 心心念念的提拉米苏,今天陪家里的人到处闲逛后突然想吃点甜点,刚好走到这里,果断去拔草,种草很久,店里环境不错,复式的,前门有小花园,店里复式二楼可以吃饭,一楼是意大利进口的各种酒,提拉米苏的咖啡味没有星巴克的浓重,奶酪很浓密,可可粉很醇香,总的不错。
━━━━━━━━━━━━━━━━━━━━━━━━━━━━━━
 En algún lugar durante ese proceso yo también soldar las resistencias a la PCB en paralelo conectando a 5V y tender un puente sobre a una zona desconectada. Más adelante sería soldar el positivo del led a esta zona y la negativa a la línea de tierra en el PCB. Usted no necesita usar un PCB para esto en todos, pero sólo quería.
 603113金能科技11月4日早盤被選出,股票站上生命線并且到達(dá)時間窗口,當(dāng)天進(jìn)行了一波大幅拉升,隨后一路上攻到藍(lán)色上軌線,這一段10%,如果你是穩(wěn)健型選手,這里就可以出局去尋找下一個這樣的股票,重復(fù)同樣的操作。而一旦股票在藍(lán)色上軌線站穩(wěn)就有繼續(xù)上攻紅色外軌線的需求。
━━━━━━━━━━━━━━━━━━━━━━━━━━━━━━
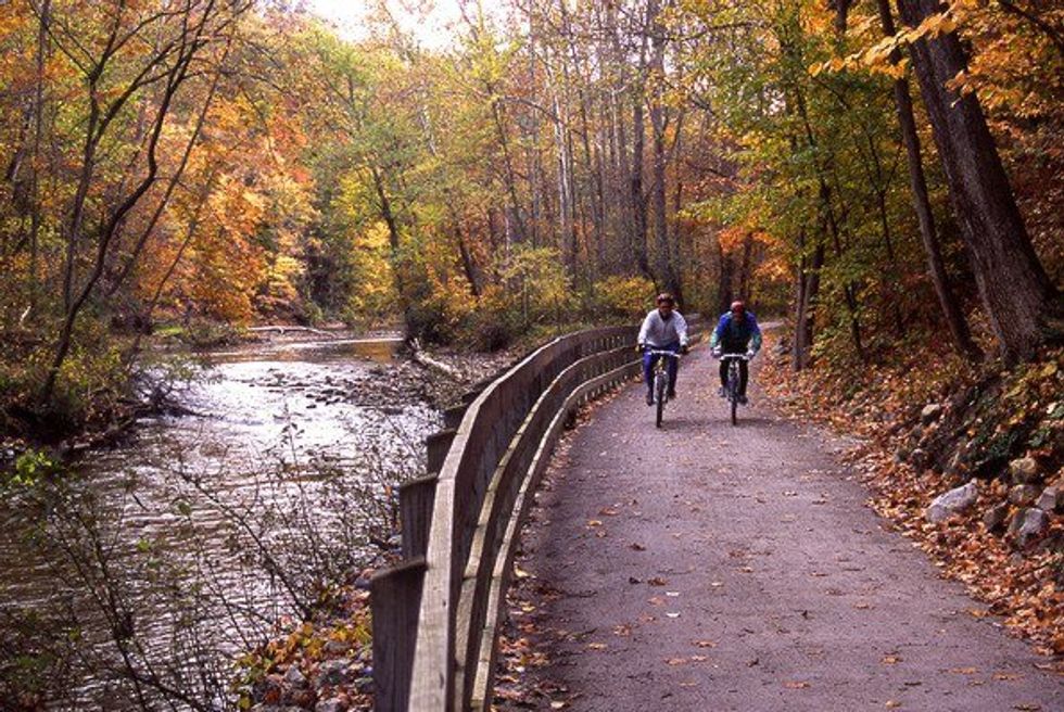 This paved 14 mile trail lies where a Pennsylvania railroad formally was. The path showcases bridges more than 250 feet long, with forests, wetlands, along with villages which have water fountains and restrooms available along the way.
━━━━━━━━━━━━━━━━━━━━━━━━━━━━━━
Exercise details: The answer is the run of lines above from the line containing "En algún lugar" through the line containing "603113金能科技11月4", copied exactly and alone.

Answer section:
 En algún lugar durante ese proceso yo también soldar las resistencias a la PCB en paralelo conectando a 5V y tender un puente sobre a una zona desconectada. Más adelante sería soldar el positivo del led a esta zona y la negativa a la línea de tierra en el PCB. Usted no necesita usar un PCB para esto en todos, pero sólo quería.
 603113金能科技11月4日早盤被選出,股票站上生命線并且到達(dá)時間窗口,當(dāng)天進(jìn)行了一波大幅拉升,隨后一路上攻到藍(lán)色上軌線,這一段10%,如果你是穩(wěn)健型選手,這里就可以出局去尋找下一個這樣的股票,重復(fù)同樣的操作。而一旦股票在藍(lán)色上軌線站穩(wěn)就有繼續(xù)上攻紅色外軌線的需求。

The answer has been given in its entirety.